Charged by the spirit e'er upwards ripening, man
And evil, his mightier minister, invade
Peaceful, that sacred sphere, the queen of heaven,
Whose passive utterances of light reveal
The birth of things, their subjectness to soul,
Spiritual and human; sin's source, and the means
Whereby perfection reattained, and men
And angels joined in bliss with God, all good
Shall be at full; and Time, his crown resigned
After his day's reign, to Eternity,--
Mother of him, and of ages all, cease. Here,
Inspired by love of soul--life progressive,
Though for a season thwarted the daring spirit
Promise exacts unforfeitable, from one
Who can fulfil vow made to test the skies
Perfective, elevative of life.

The Moon.
Festus, Lucifer, and Luniel.
Festus.  Thus far along these silent wastes of light
Have we, unseeing and unseen, held on.
Time's sands seem turned to seed--pearl as they glide,
In luminous slumber, through his shadowy glass,
To glorified repose; while snowy Peace
Hushes the infant soul, here born again,
To wonder and delight. And yet these rocks,
Whose flames once flourished in the face of heaven,
Like burning banners o'er a fiend host, there
Arrested in ignition, fire made stone,
Speak out of other state than quiet once.
Not Chaos when in travail of the earth,
And groaning with the birth--pang, nor the sun's
Deserts of fire, sea--deep with drifting flame;
Nor all contortions of the solemn clouds,
Can match the immarbled madness of this orb:
As though some vast wild passionate soul, ablaze
Through all its nature with volcanic sin,
By God's one word translated into light,
And the pure beauty of celestial peace,
With adamantine silence seized, had 'come
That instant changeless, deathless and divine.
Still meet we not what in this sphere we seek.
Methinks my mission here may fail, and might,
Were not my soul by force of faith in her
Assured, who urged our hither steps, mine most
Investigative, as like to light on truth
Here hidden; and though long baffled, as to me
Seems, who from sea--bed dry to hill--top have sought
Vainly, the angel virtue of this orb,
Still trust I to behold her, not as yet
Rightly, perhaps, invoked. Or shall I call
Her aid, who willed us here?

Lucifer. And if I knew not
To an ace our whereabouts, though groping, now
And then, through manifold darkness, as we have done;
And of our failures, quite enough! I, too,
Might deem this changeful spherelet just the spot,--
It is bounded, west by light, and east by night,
And north and south by nothing and the wind,
For all poetic possibles, and believe
Truth captured, might romance to us all the night,
Two se'nnights long, in allegories. At last!

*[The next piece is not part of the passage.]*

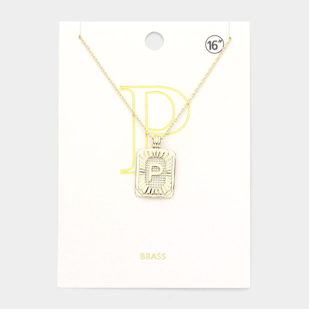 -A- Brass Metal Rectangle Initial Monogram Pendant Necklace
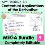 ⭐⭐ This AP Calculus Unit 4-BC MEGA Bundle provides you with a customizable and fully-editable resources (Guided Notes, Video Lessons, Google Slides, SMART Board slides, practice and homework sets, daily content quizzes, review assignments, AP-Style assessments, and cooperative activities) that align to the AP College Board CED topics for Contextual Applications of the Derivative. ⭐⭐

Festus.  Lo now the angel, as foretold. She makes
Hither. O beauty, holy and divine,
Life--eyed, soul--crowned, illuminated with truth.
Mark how unearthly fair and pure; her air
Of sad felicity, and her mingled mien
Of innocent life and knowledge absolute.

Lucifer.  Ere Time had whet his infant scythe, or left
His cradling clouds, or yon pale watery star,
Heaven's giant tear, first cast its shade o'er space,
That angel knew I well; but now, no more.
Nor wished I here to meet, nor thou with her.

Festus.  Mind's silent invocacy hath oft such end.

Luniel.  Earth--child, behold the angel of this orb.
Long have I marked thy wonder at these scenes,
Thy search for me; this ceased, that satiate now.
Much of the passed thou 'mindst me, and the race
These hills and plains, once populous, teemed with, thee
Not wholly like; of purer strain than thine,
Aërial more, meseems; for virtue, hence,
Translate, entire to heaven. I, thus, charge--freed,
Rejoice to bid thee welcome, from what orb
Ever thou hailest, the sun, which, day by day,
All forces of the world converts to light,
Exhaustless, and the hoards he spends, renews;
Or further star; thrice welcome; whencesoe'er,
Welcome! What tidings bringst thou? say, art thou
The earnest of the line to come, foretold
By skiey spirits and friendliest, as once more
Soul--wise, to people these silvery solitudes
Of light, whose advent I these ages wait?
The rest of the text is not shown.